Safety & rollback: the kernel takes back over

The question that decides whether kernel-level enforcement is adoptable is not the upside — it is the failure modes. This page is the complete honest list, with measurements.

The fail-safe is the kernel’s contract

sched_ext was designed so that a BPF scheduler cannot take the system down with it: if the scheduler misbehaves, stalls, crashes, or detaches for any reason, the kernel ejects it and atomically resumes scheduling with the stock scheduler. This is not Temper code — it is the kernel feature Temper is built on. The consequence is structural: the worst case is the scheduler you already run today, per node, never per cluster.

Measured failover

The failure paths are benchmarked, not asserted: we force-killed the node agent under load (on GKE and EKS), soaked the system for 8 hours under continuous pod churn, and measured the per-reconfiguration cost. The numbers, their caveats, and the raw record paths are collected in one place: deep dive: failure & rollback engineering.

The kill switch

Fleet-wide rollback is one annotation — no helm operation, no control-plane dependency, honored directly by each node’s agent:

# stand the scheduler down everywhere; pods run stock CFS
kubectl annotate node --all temper.codes/safe-mode-requested=true

# re-engage
kubectl annotate node --all temper.codes/safe-mode-requested-

Safe mode can also be targeted at single nodes, toggled from the dashboard (audit-logged), or driven by the optional controller via an TemperPolicy resource. Entering safe mode always succeeds — it kills the scheduler; exit re-generates config and re-attaches.
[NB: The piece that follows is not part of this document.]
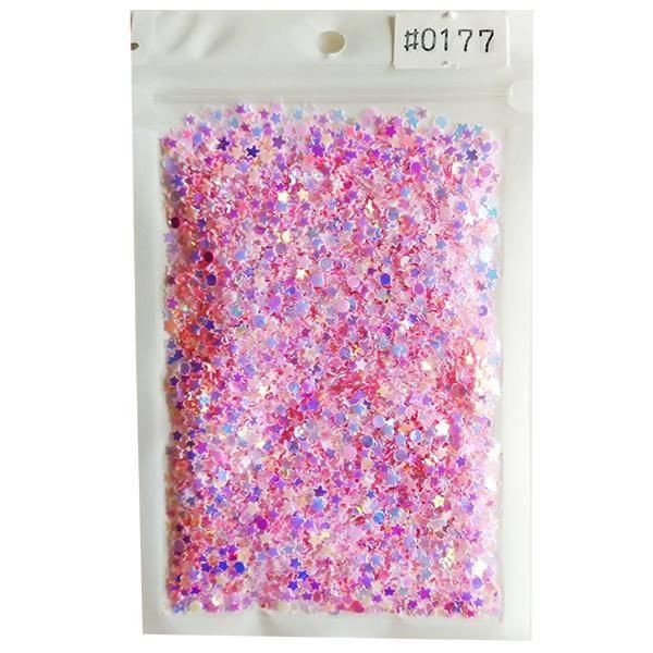 スパンコール 15gパック no.177 ピンク×白×ブルークリスタルホワイト/スターフラワードット

Reconfiguration churn cost

When QoS assignments change on a node (a pod joins or leaves a tier), the agent regenerates the scheduler configuration and restarts the kernel scheduler. The cost is a brief window during which the node runs stock CFS — measured at ~52 ms per reconfiguration (measurement and caveats) — node-local, bounded, and in the same safe failure direction as everything else here: absence of benefit, not harm. Pod churn is debounced and batched so a busy node does not thrash.

The cpu.max disclosure

Stated plainly, because it is the one behavioral difference you must know: while Temper’s scheduler is attached, cgroup cpu.max CPU quotas are not enforced by the kernel. This is a property of sched_ext scheduling, not a Temper choice. Containment of greedy workloads comes from Temper’s layer ceilings instead — measured at-or-below quota on the tested shapes; the kernel mechanics and the quota-parity measurement are written up in the CPU-limits deep dive — and quota-derived layer ceilings are on the roadmap to close the semantic gap. Two mitigations are unconditional: memory limits are unaffected (only CPU quota semantics change), and the kill switch restores CFS with quotas instantly. If strict CPU quota enforcement is a compliance requirement for a node, do not attach Temper to that node — mixed fleets are fully supported.

Privileged DaemonSet posture

Loading a kernel scheduler requires privileged + hostPID and /sys access — the standard posture of node agents like Falco or Datadog. What bounds it: the agent serves only in-cluster endpoints, executes no remote code, makes zero external calls, and writes only its own scheduler process and node annotations. Every permission is justified line by line in the security whitepaper. Full posture, supply chain, and disclosure policy: security & trust.